In his report entitled "IPTV Tipping Point?," Wible upgraded his stock rating on Walt Disney to "buy," while downgrading Time Warner to "neutral," arguing that the latter could see some challenges in its TV networks business. "In essence, we believe we are nearing a tipping point where distribution is gaining an edge over content," he concluded.
Wible sees a vicious circle in media companies' pricing digital deals on a fixed price basis, "while risking the loss of variable priced ad revenue." That enables a competing network "that is increasingly likely to trigger a loss in ratings, which in turn reduces ad revenue and increases their dependence on digital licensing," he said, comparing the situation to DVD's growing dependence on cheap rentals to compensate for the loss of DVD sales.
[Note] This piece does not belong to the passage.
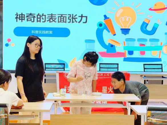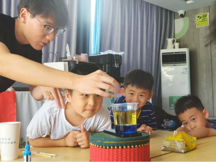 科普化学实验室,动手实践见真章 “纸上得来终觉浅,绝知此事要躬行”。实践团抛弃了传统的课堂模式,不再局限于PPT讲解和静物陈列,而是更注重于将知识与实践结合起来,让“死气沉沉”的知识“活”过来,让孩子们能真正的“看得见,摸得着,学的懂”。成员通过“海底熔岩灯”让孩子们更直观的“看见”二氧化碳,并理解什么是密度差导致分层;通过“水的特性实验”让孩子们知道水的“形状”和溶解性,并培养孩子们节约用水的良好习惯;通过“磁力小车”向孩子们讲解什么是磁场,让他们思考小车为什么突然就动起来了等等。课堂上孩子们目不转睛眼中充满了对知识的好奇与渴望,“我们只想在能力范围内尽最大努力让孩子们领略科学的魅力。”实践团成员说道。 开绿村 吴文昕开展科普实践 北站社区 佘健山开展化学课堂 星光公益咖吧 侯世典开展化学课堂海底熔岩灯

Wible estimates that major networks are at risk of losing almost $9 of ad revenue per home per month, "while only recouping 35 cents-75 cents of monthly revenue on digital licensing deals." In aggregate, networks stand to lose $2.6 billion in ad revenue based on Netflix's estimated 2012 subscriber base, he said. Entertainment industry executives have said that they have not seen any evidence that the availability of their content on Netflix has affected TV ratings.
But Wible concluded: "Most companies look at IPTV in the wrong light and need to see that they are selling blocks of entertainment time rather than specific shows that they can protect with windows."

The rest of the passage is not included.